Thursday, November 10, 2011


I have a favorite new spot in the heart of Mexico City. It's a little cafeteria attached to book store a block from the Zocalo. It's cheap. It's tasty. It has a vegetarian dish or two, a full bar and good coffee. And best of all, it's on a roof top terrace overlooking El Templo Mayor. It's a good spot to finish off a day in the city.

Reflecting over the last few days, something remarkable stands out. I seriously don't believe we see the world. At least I am sure that I don't. What we see is ourselves reflected in the surfaces and artifacts of the world around us. It is a kind of internal society of the spectacle. It isn't so much that the world doesn't exist, that everything is a simulation that mediates all human relations, but rather that our ability to see anything is tied to the internalized structures of that spectacle and the particulars of the places where it breaks down within us... or some such non-sense.

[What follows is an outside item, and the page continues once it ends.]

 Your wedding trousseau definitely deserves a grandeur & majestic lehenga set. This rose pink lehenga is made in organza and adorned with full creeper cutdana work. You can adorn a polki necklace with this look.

What I am really talking about here is much simpler than that. I doubt my ability to live here. I am too far adrift. I can't help but see the world from a fracturing and shifting internal experience. In moments my perception of everything changes.

Last night I visited a sick family member in one of the poorer neighborhoods of Mexico City. He lives in one of the small Colonial towns swallowed by the megalopolis. It has one entrance off of a busy thoroughfare. It's made up of a labyrinth of tiny dark alleys that turn back on themselves. It has it's own small church and plaza and shops. I lived there for a summer as a kid. And as I walked into the maze of streets early last night, I was in love with the place. My memories painted the darkness, the murals, the crumbling homes, the little shops and video arcade with a warmth that they may or may not have. It was a quiet, peaceful eddy in the midst of one of the densest places on earth.

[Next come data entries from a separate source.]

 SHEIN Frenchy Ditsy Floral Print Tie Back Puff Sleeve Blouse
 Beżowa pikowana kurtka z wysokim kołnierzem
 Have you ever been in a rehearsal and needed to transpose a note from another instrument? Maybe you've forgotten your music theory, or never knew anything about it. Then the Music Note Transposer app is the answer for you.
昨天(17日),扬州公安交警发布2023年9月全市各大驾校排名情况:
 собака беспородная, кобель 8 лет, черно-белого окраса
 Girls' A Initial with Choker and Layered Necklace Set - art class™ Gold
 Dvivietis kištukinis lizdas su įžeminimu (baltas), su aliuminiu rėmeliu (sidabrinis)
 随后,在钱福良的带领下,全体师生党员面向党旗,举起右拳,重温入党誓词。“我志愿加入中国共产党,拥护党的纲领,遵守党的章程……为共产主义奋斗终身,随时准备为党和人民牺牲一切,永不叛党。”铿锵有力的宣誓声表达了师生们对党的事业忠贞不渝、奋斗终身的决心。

My visit with my family was lovely enough. My uncle was recovering nicely from a near fatal illness. Our brief encounter was filled with love and kindness. But as I was leaving, running late for the last train, something changed. In an instant the world was a threatening and terrifying place. I am accustomed to these switches in consciousness/ perception. Things go bad in my life very suddenly. Sometimes dreadfully. And occasionally they are existentially dangerous. Usually, all it means is that I am suddenly terrified of the grocery store. In Mexico City, a more or less actually dangerous place, this shift was quite nearly debilitating. Under the best of circumstances threat looms over the city. Last night every face concealed violence. Every stare sized me up. Every footstep, every voice, every car that slowed, every dark doorway compelled me to fight or run. It was everything I could do not to start running. The only problem with that dreadful compulsion was that I was lost, in a rougher part of town. And to make matters worse, I no longer recognized anything. I was totally disorientated.

I did the only thing I could do. I acted as if I were the most calm, confident person in the world who new exactly where I was going. I made it home on unfamiliar and sinister streets. Streets I am about to walk again. I wonder how they will appear now, in the rain.